Development Description

  • Prerequisites

    A datasource connection has been created and bound to a queue on the DLI management console.

    Note

    Hard-coded or plaintext passwords pose significant security risks. To ensure security, encrypt your passwords, store them in configuration files or environment variables, and decrypt them when needed.

  • Code implementation

    1. Import dependencies.

      • Maven dependency involved

        <dependency>
          <groupId>org.apache.spark</groupId>
          <artifactId>spark-sql_2.11</artifactId>
          <version>2.3.2</version>
        </dependency>
        
      • Import dependency packages.

        import org.apache.spark.sql.SparkSession;
        
    2. Create a session.

      SparkSession sparkSession = SparkSession.builder().appName("datasource-rds").getOrCreate();
      
  • Connecting to data sources through SQL APIs

    • Create a table to connect to an RDS data source and set connection parameters.

      sparkSession.sql(
        "CREATE TABLE IF NOT EXISTS dli_to_rds USING JDBC OPTIONS (
           'url'='jdbc:mysql://to-rds-1174404209-cA37siB6.datasource.com:3306',  // Set this parameter to the actual URL.
           'dbtable'='test.customer',
           'user'='root',  // Set this parameter to the actual user.
           'password'='######',  // Set this parameter to the actual password.
           'driver'='com.mysql.jdbc.Driver')")
      

      For details about the parameters for creating a table, see Table 1.

    • Insert data.

      sparkSession.sql("insert into dli_to_rds values (1,'John',24)");
      
    • Query data.

      sparkSession.sql("select * from dli_to_rd").show();
      

      Response

      image1

  • Submitting a Spark job

    1. Generate a JAR package based on the code and upload the package to DLI.

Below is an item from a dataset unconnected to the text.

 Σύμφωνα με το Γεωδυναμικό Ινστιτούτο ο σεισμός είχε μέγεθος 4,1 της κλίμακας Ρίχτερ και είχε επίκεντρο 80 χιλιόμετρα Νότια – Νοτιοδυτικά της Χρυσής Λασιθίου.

    2. In the Spark job editor, select the corresponding dependency module and execute the Spark job.

    3. After the Spark job is created, click Execute in the upper right corner of the console to submit the job. If the message "Spark job submitted successfully." is displayed, the Spark job is successfully submitted. You can view the status and logs of the submitted job on the Spark Jobs page.

      Note

      • If the Spark version is 2.3.2 (will be offline soon) or 2.4.5, specify the Module to sys.datasource.rds when you submit a job.

      • If the Spark version is 3.1.1, you do not need to select a module. Configure Spark parameters (--conf).

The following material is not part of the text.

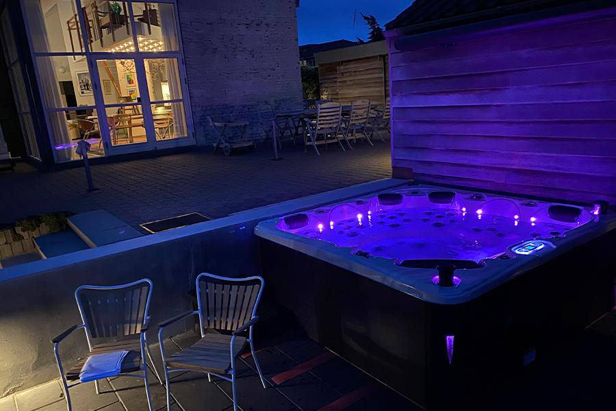 I slutningen af januar ankom vores nye udespa fra Jer. Vi bor på 5 sal i midten af København, og havde egentlig ikke overvejet muligheden før vi opdagede at I havde en Spa til 2 personer. En kran fik den på plads, og så var vi kørende. Vi elsker vores Spa, den har afgørende løftet vores livskvalitet… at sidde sammen i al slags vejer i 40 grader varmt pulserende vand, eller helt stille alene under stjernerne… Og så skal I have tak for en udsøgt betjening… det er altid en fornøjelse at ringe til Jer og møde Jeres altid positive og venlige personale. 6 ud af 6 stjerner fra en lykkelig kunde

        spark.driver.extraClassPath=/usr/share/extension/dli/spark-jar/datasource/rds/*

        spark.executor.extraClassPath=/usr/share/extension/dli/spark-jar/datasource/rds/*

Complete Example Code

Connecting to data sources through SQL APIs

import org.apache.spark.sql.SparkSession;

public class java_rds {

    public static void main(String[] args) {
        SparkSession sparkSession = SparkSession.builder().appName("datasource-rds").getOrCreate();

        // Create a data table for DLI-associated RDS
        sparkSession.sql("CREATE TABLE IF NOT EXISTS dli_to_rds USING JDBC OPTIONS ('url'='jdbc:mysql://192.168.6.150:3306','dbtable'='test.customer','user'='root','password'='**','driver'='com.mysql.jdbc.Driver')");

        //*****************************SQL model***********************************
        //Insert data into the DLI data table
        sparkSession.sql("insert into dli_to_rds values(3,'Liu',21),(4,'Joey',34)");

        //Read data from DLI data table
        sparkSession.sql("select * from dli_to_rds");

        //drop table
        sparkSession.sql("drop table dli_to_rds");

        sparkSession.close();
    }
}